Relational Algebra - Cartesian Product vs Natural Join?

Myles Gray picture Myles Gray · Jan 2, 2013 · Viewed 20.3k times · Source

I am studying for exams and am failing to find a solid criteria by which I can determine if the Cartesian Product x is to be used or if Natural Join |X| is to be used.

I had come up with a rough guide that:

"If you need to project an attribute that has the same name as an attribute in the table to be joined you must use x and state the table names to be projected: tableA.colname1 = tableB.colname1"

This however doesn't follow some of the solutions in my notes and my lecturer seems to use x with the above convention or |x| interchangeably.

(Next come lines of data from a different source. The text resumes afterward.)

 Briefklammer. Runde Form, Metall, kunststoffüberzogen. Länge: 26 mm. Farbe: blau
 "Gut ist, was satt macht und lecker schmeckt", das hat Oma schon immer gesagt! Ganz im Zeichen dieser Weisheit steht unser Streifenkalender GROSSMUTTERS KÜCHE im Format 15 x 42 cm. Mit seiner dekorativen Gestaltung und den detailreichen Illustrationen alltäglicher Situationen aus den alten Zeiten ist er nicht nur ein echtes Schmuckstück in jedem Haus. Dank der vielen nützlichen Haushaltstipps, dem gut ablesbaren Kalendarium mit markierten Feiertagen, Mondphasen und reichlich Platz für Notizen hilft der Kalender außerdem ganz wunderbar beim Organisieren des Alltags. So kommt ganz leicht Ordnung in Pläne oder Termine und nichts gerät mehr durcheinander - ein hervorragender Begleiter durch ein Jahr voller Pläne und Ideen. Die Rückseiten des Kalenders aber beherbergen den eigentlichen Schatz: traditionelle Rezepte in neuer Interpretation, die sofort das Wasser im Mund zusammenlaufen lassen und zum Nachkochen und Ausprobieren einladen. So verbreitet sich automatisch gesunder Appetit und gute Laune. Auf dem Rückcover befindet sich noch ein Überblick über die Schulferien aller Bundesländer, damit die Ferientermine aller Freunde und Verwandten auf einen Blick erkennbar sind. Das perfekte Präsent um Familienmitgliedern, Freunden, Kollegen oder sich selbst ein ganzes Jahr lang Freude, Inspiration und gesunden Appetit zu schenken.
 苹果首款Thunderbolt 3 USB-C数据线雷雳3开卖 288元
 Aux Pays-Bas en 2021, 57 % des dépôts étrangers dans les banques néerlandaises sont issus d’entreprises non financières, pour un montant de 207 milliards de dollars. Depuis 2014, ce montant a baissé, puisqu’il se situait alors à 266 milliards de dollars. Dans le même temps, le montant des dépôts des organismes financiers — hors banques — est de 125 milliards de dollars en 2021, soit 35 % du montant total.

Does anyone have a rule that can be followed to define use of one over the other?


Take for example this schema (only schema related to the question quoted for brevity):

takes(ID, course_id, sec_id, semester, year, grade)
student(ID, name, dept_name, tot_cred)

Q) Find the name of all students who took courses that were taught in either Spring 2011 or Autumn 2011.

My answer attempt:

π name(σ semester="Spring" ^ year=2011(takes ⋈ student)) ∪ π name(σ semester="Autumn" ^ year=2011(takes ⋈ student))

Actual answer:

π name(σ semester="Spring" ^ year=2011 ^ takes.ID=student.ID(takes x student)) ∪ π name(σ semester="Autumn" ^ year=2011 ^ takes.ID=student.ID(takes x student))

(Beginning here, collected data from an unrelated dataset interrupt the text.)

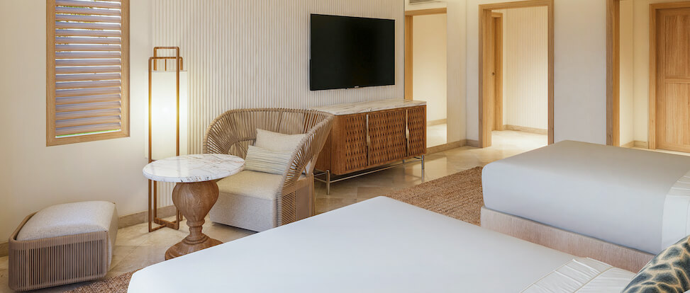 Бассейн. 5 открытых бассейнов: главный бассейн площадью 929 м2 свободной формы; детский бассейн с горкой; бассейн для взрослых с видом на лагуну; бассейн с видом на океан; бассейн Bambu для детей и взрослых.
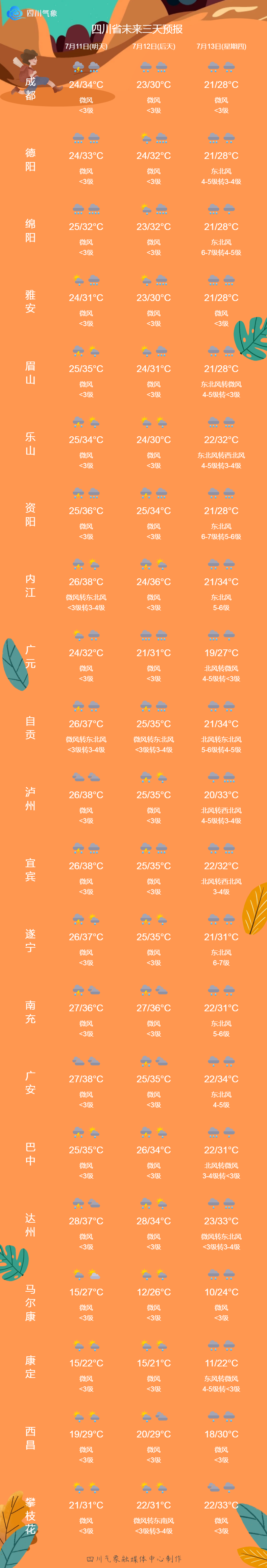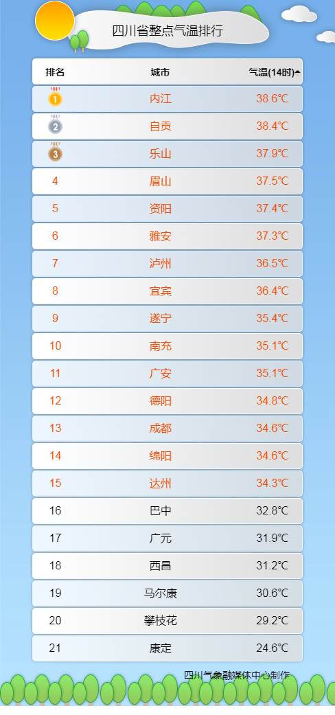 24小时内,盆地最低气温:25~28℃;最高气温:西部32~34℃,东部35~38℃。
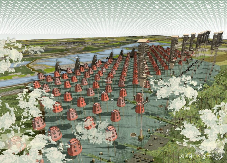 在講話語權之前,先給大家看幾張圖,其實和範文南的插畫描述差不多,但這是一個倫敦大學巴特萊特建築學院的一個學生畢業作品。用插畫的方式表述一個零碳排放的城市,在這樣的建築下人們是如何生活的。當然我們有很多實用主義的人,覺得這個太過藝術不切實際,的確,但這也是目前建築的發展天花板了,全世界的建築設計師在研究後發現,現有材料能夠設計的方案几乎都有了,只有通過不切實際的概念設計才能設計出心中理想的建築了。
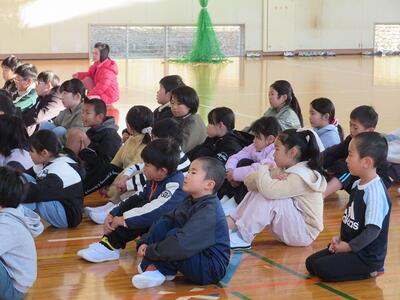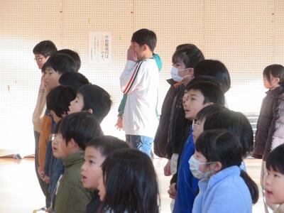 12月24日(水)に2学期の終業式を行いました。まずはじめに、児童を代表して3年生が発表を行いました。2学期の思い出の中で特に、町の音楽祭について発表しました。「初めてチャレンジしたウッドブロックに苦戦したが、練習を重ね、演奏できた。努力してできるようになることはうれしい。」という成長ぶりを発表してくれました。また、3学期や4年生に向けての決意も述べました。立派でした。校長の話では、始業式の日の話の内容であった「いのち」「あいさつ」「なかよく」「チャレンジ」について振り返りを行いました。子どもたちは挙手などしながら自分を振り返りました。最後に校歌を3番まで元気よく歌い、終業式は終了しました。
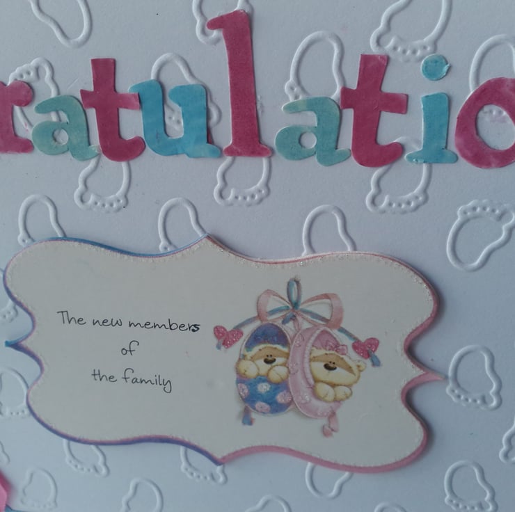 A completely handmade and uniquely designed card. Consisting of quality pristine white card which has been embossed with a cute design of tiny baby toes. A topper with cute Blue and pink bootees. Embellished with a double satin ribbon bow in pink and blue. Finished off with congratulations and two s die cut from co ordinating colours
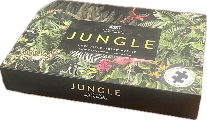 1000 piece jungle puzzle in box.
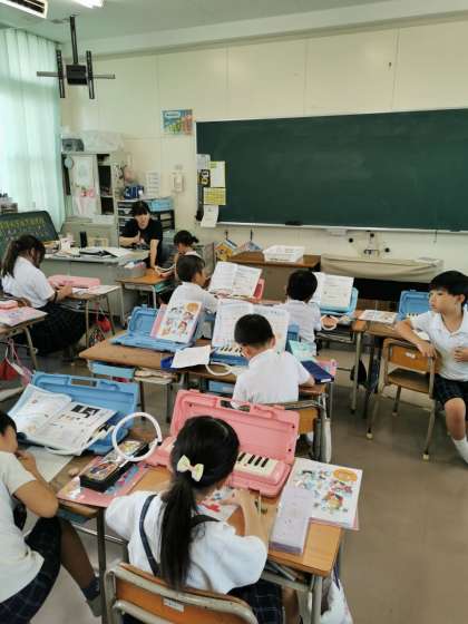 鍵盤ハーモニカのテストをしています。待っている間も学習をして静かにしています。
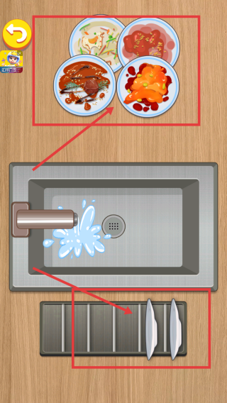 2、將臟盤子移至水槽沖洗,洗凈后放置下方【瀝干區(qū)】,完成餐具整理的步驟流程。
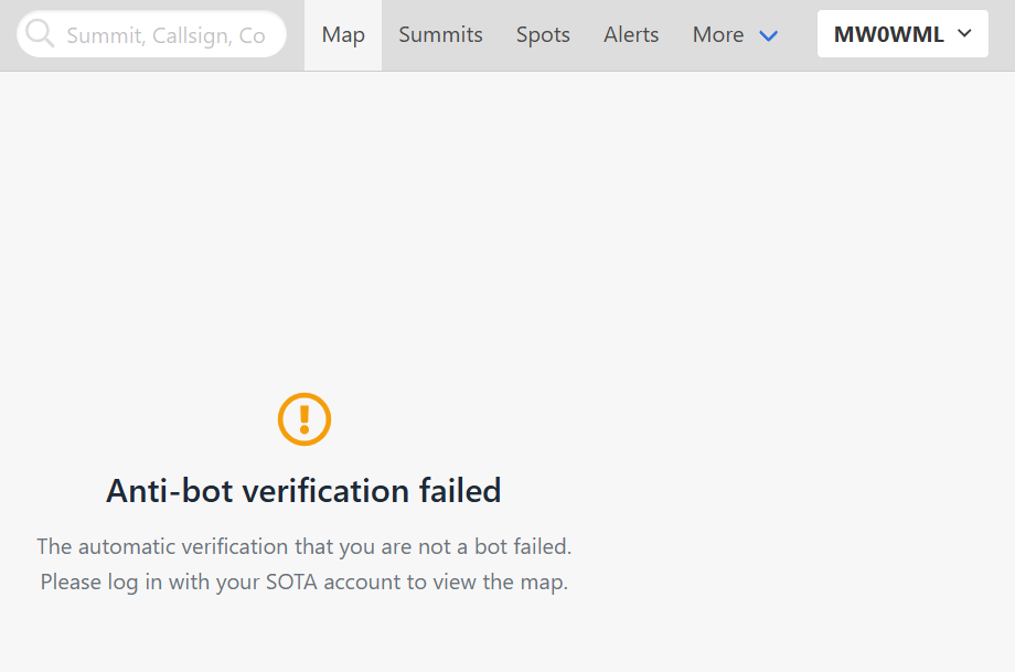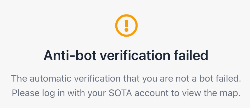 Users who are logged in with their SOTA account are exempt from the CAPTCHA verification, so if you see a message saying that anti-bot verification failed, simply log in and the map should display as usual.

Can anyone provide a reason as to why?

In my mind the Natural Join would take care of the takes.ID=student.ID?

Answer

user824425 picture user824425 · Jan 2, 2013

A natural join, as I understand it, is a projected, filtered Cartesian product:

  • You take the Cartesian product, then
  • select it, so that the values in columns of the same name have the same value, and
  • project it, so that all columns have distinct names.

Under this assumption, your answer is isomorphic to the actual answer.

To see this, you might want to expand the natural join to the above sequence of operators, and float them around using the laws of relational algebra. You'll see that the projection disappears due to the projection to name, and the selection criterion is fused with the selection above. You'll end up with exactly the same tree as the actual answer, even though you never changed the meaning of your own answer!


I can think of one reason why your lecturer uses these concepts interchangeably: your lecturer wants you to understand that these concepts can be used interchangeably, because "the natural join is just a shortcut" (though that's debatable).